:: Data excerpts ::
---
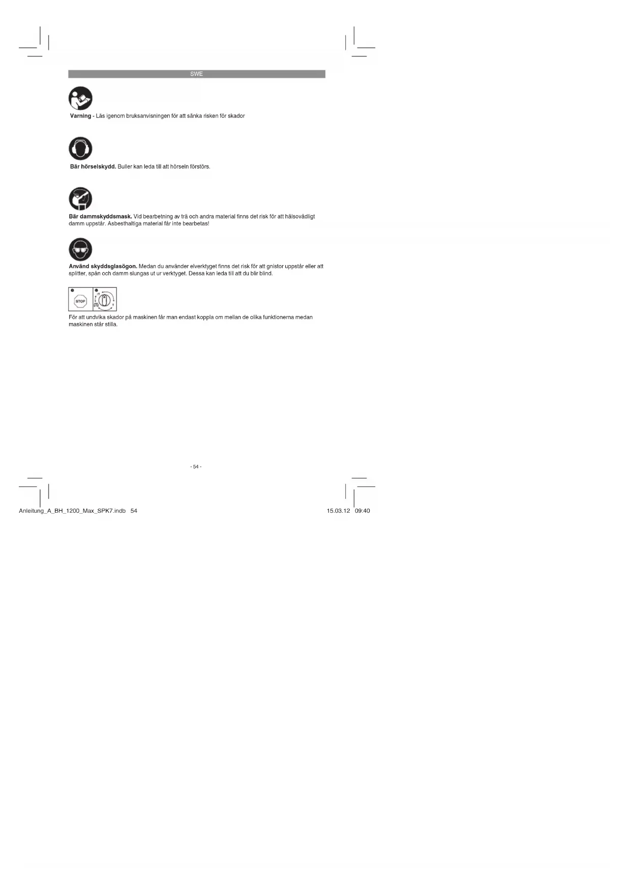 Varning - Läs igenom bruksanvisningen för att sänka risken för skador Bär hörselskydd. Buller kan leda till att hörseln förstörs. Använd skyddsglasögon. Medan du använder elverktyget fi nns det risk för att gnistor uppstår eller att splitter, spån och damm slungas ut ur verktyget. Dessa kan leda till att du blir blind. Bär dammskyddsmask. Vid bearbetning av trä och andra material fi nns det risk för att hälsovådligt damm uppstår. Asbesthaltiga material får inte bearbetas! För att undvika skador på maskinen får man endast koppla om mellan de olika funktionerna medan maskinen står stilla. Anleitung_A_BH_1200_Max_SPK7.indb 54Anleitung_A_BH_1200_Max_SPK7.indb 54 15.03.12 09:4015.03.12 09:40SWE
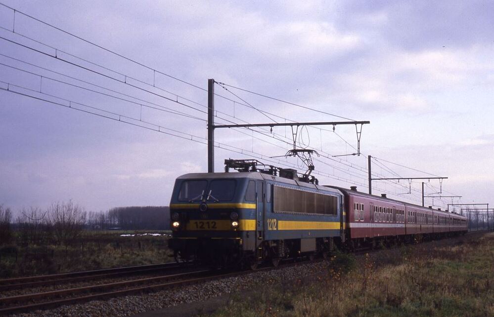 TitelElektrische locomotief 1212 met M 4-rijtuigen in Beervelde
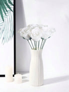 باقة ورود لامعة من ١٢ قطعة، ٢.٧٦ بوصة، باقة زهور لامعة اصطناعية، زهور بلاستيكية حمراء صناعية، زهور صناعية
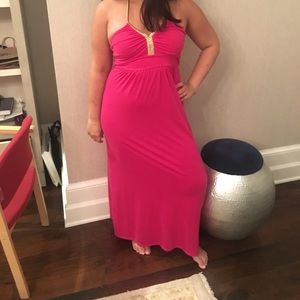 Look like a Greek goddess in this breathable maxi dress. The gold design looks beautiful and complements the pink cloth perfectly.
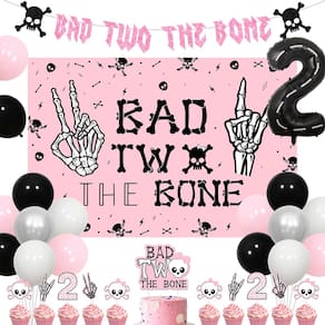 As decorações de festa Bad Two the Bone incluem:
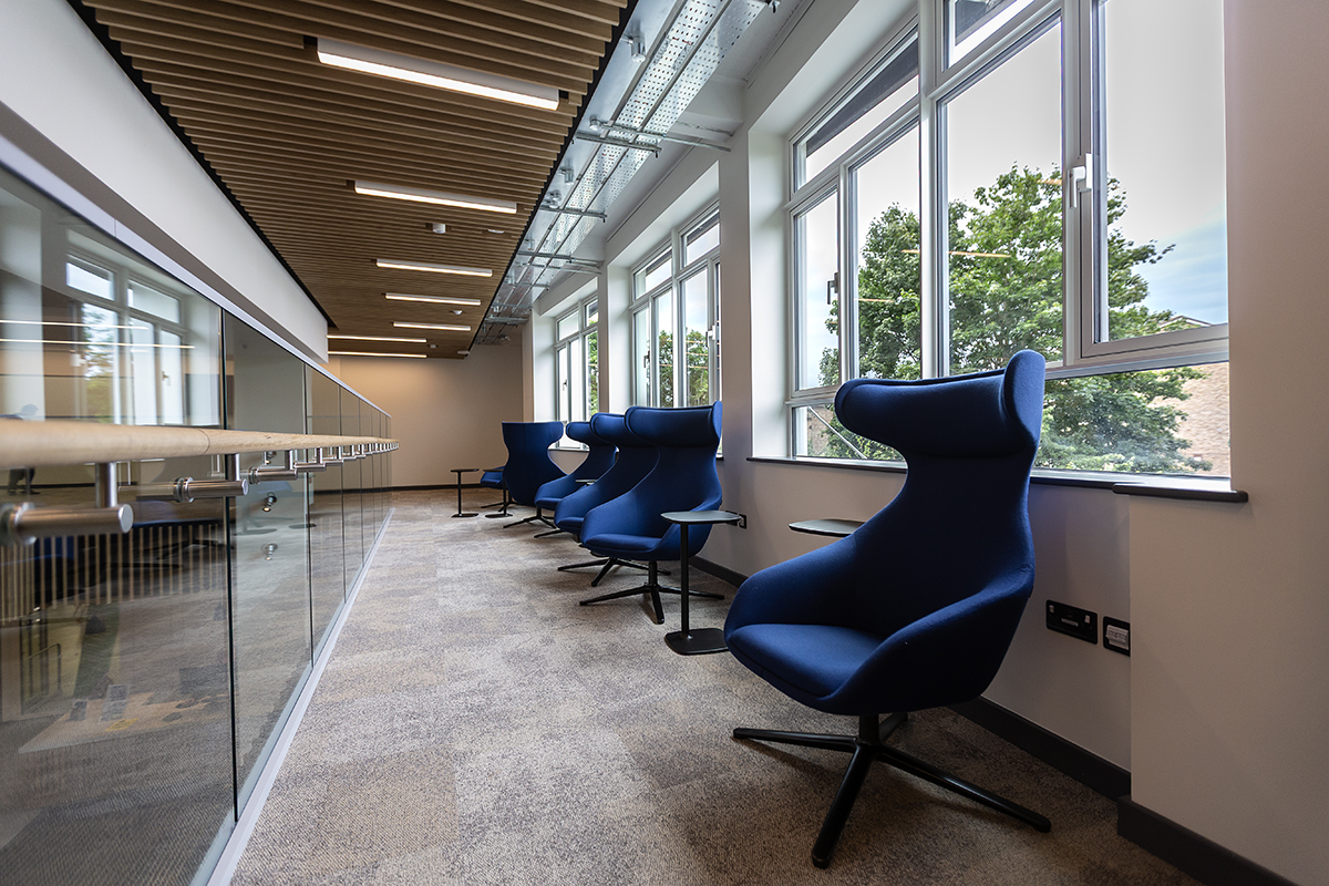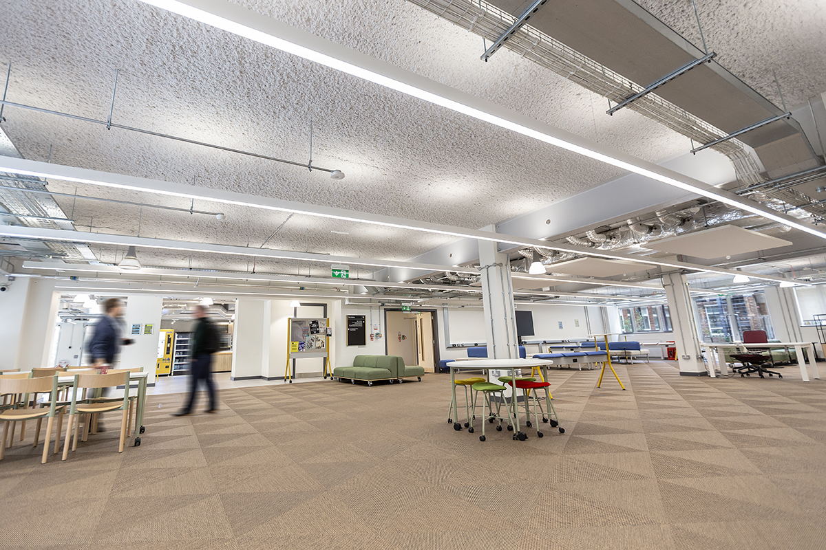 This latest project was part of a larger phased refurbishment at the University that kickstarted in late 2023, starting with the ground floor but closely followed by the first floor in early 2025. Both phases have benefitted from the same carefully specified lighting strategy.
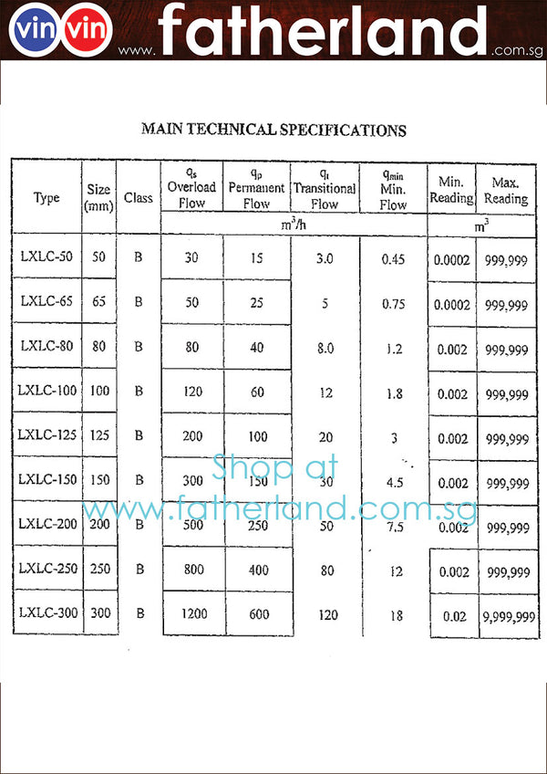 Capri Hot Water Meter Model : LXLC Cast Iron Body “flanged end” Bore size : 50mm JIS10
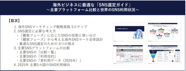 グローバル展開においてSNSは、現地顧客との接点創出やブランド浸透を加速させる不可欠なチャネルであり、戦略的なSNS選定は成果を大きく左右します。本資料では、「SNS選定に必要な6つの視点」や「購買行動フェーズ別SNS活用例」など実務に直結するフレームワークほか、Facebook、Instagram、LinkedIn、TikTokといった世界主要SNSの特徴・利用目的・ユーザー層を比較表にした「プラットフォームの比較一覧」を掲載。
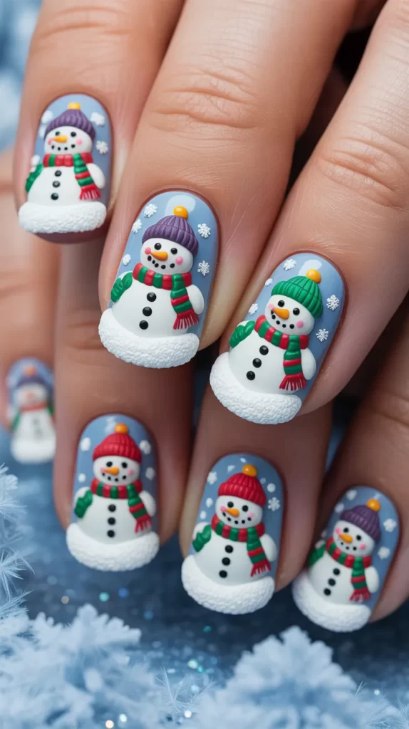 Turn each fingertip into a winter playground with adorable little snowmen wearing scarves and hats. Use a soft icy-blue base with a snow-textured tip for that frosty effect. Each nail can feature a slightly different pose—one snowman holding a broom, another smiling with mittens.
---
"باقة ورود لامعة" marks the first line to copy, and "グローバル展開においてSNS" marks the last. Repeat that stretch above exactly, with no pictures.

:: Answer section ::
 باقة ورود لامعة من ١٢ قطعة، ٢.٧٦ بوصة، باقة زهور لامعة اصطناعية، زهور بلاستيكية حمراء صناعية، زهور صناعية
 Look like a Greek goddess in this breathable maxi dress. The gold design looks beautiful and complements the pink cloth perfectly.
 As decorações de festa Bad Two the Bone incluem:
 This latest project was part of a larger phased refurbishment at the University that kickstarted in late 2023, starting with the ground floor but closely followed by the first floor in early 2025. Both phases have benefitted from the same carefully specified lighting strategy.
 Capri Hot Water Meter Model : LXLC Cast Iron Body “flanged end” Bore size : 50mm JIS10
 グローバル展開においてSNSは、現地顧客との接点創出やブランド浸透を加速させる不可欠なチャネルであり、戦略的なSNS選定は成果を大きく左右します。本資料では、「SNS選定に必要な6つの視点」や「購買行動フェーズ別SNS活用例」など実務に直結するフレームワークほか、Facebook、Instagram、LinkedIn、TikTokといった世界主要SNSの特徴・利用目的・ユーザー層を比較表にした「プラットフォームの比較一覧」を掲載。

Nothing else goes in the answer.